# Handling my small feral colony



## Pattivee (10 mo ago)

I have 4 cats in my group…mommy & 3 babies now 3 yrs old all spayed vaxed neutered…this winter an un neutered male bully has showed up…I think he was abandoned by a neighbor who moved away…I want to try & trap but in the meantime any suggestions…he’s keeping my babies from their food 😢😢I’m trying to slowly get my 3 yr olds to come inside & he’s disrupting process any help is appreciated


----------



## Mosi (May 17, 2021)

Can you get close to the male cat? Pick him up, since he was a pet? If so, I suggest you do so and take him to the humane society or an anial shelter where he could get a new home.
If you cannot catch him...
I recommend you call the nearest humane socisty, ASPCA, or shelter, and ask them for advice on how to trap the new cat. Some places will even rent the traps to you for that purpose.

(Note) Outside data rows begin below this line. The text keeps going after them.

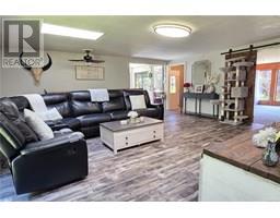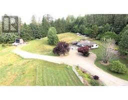 Just 35 minutes from Campbell River, this 12.8 acre piece of paradise awaits you. Fully landscaped with a perimeter of trees, the privacy is unfounded, with a nicely updated family home, garden area, separate barn with tack stalls and loft, and acres of grassed areas for horses, or just room for kids to run! The home features a massive primary bedroom with it's own woodstove and wall to wall windows and patio overlooking the sprawling oasis and the mountain views. The 2nd bedroom off the primary is ideal as a nursery or for toddlers. The main living area is open and inviting with updated flooring and beautiful country kitchen. Downstairs you find a spacious family room plus an extra rec room for your gym, as well as a basement workshop, with an additional 700 sq/ft attached shop. An abundance of fruit trees, berry bushes and garden beds, along with a new playground for the kids. New perimeter drains in 2022 and new septic in 2016. Fantastic opportunity for a hobby farm exists here. (id:59116)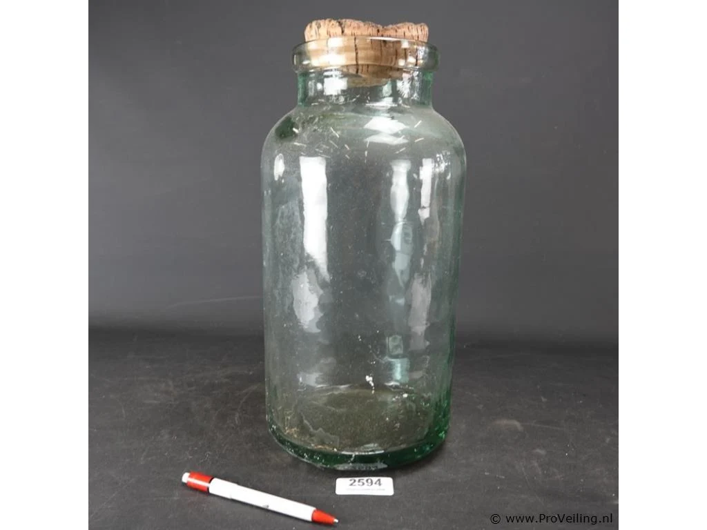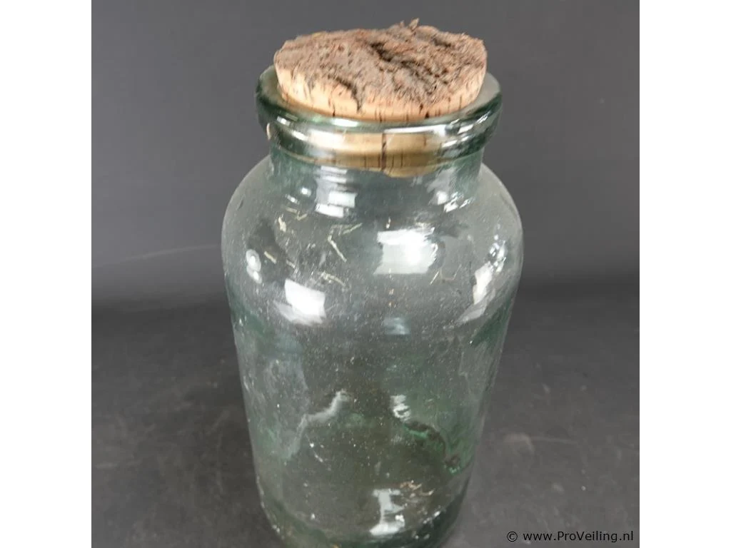 Antieke dikglazen pot met kurk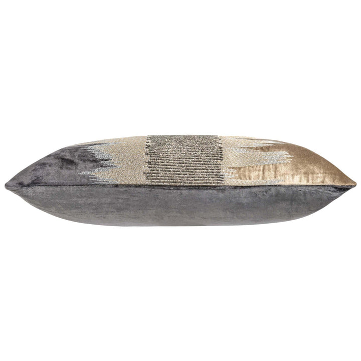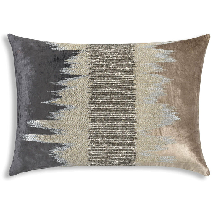 The Mira Pillow has an beige and charcoal ombre appearance that adds sophistication to any home decor.

Once the cat is trapped and neutered, they can, assuming the cat was a pet and is not completely wild, put the cat up for adoption and with luck he will be adopted by someone far away from you!

Maybe you can somehow get the three you are making into pets into a place where they will not get caught in the trap until the male is caught.
Another possibility is to call the shelter and ask them if they will come and trap or catch the cat for you. Depending on where you live....some will and some will not, depending on how busy they are and how well staffed. 

The thing is that if you chase him away it may also scare the cats you want to bring indoors, so getting him caught/trapped asap seems to be the best thing.
Good luck!


----------



## Pattivee (10 mo ago)

Yeah I’m gonna have to try & trap this guy…I don’t mind him joining my other Ferals they are very accepting it’s just that he seems to be very territorial & a bully thank you for your suggestions they are helpful… dang shame smh


----------



## Pattivee (10 mo ago)

ValosMom said:


> how did it go? have you trapped him?
> 
> Also please make sure that if you call someone to trap him, that htey are taking him to a no-kill shelter.
> When I lived in Texas I was surprised at the amount of "shelters" that would kill kitties not even 24 hrs after trapping them  ...
> ...


Yes I know I’m hoping to neuter him & release again hoping it will make him less agressive idk 🤷‍♀️


----------



## Pattivee (10 mo ago)

Pattivee said:


> Yes I know I’m hoping to neuter him & release again hoping it will make him less agressive idk 🤷‍♀️


And yes I found out the hard way with the shelters 😭


----------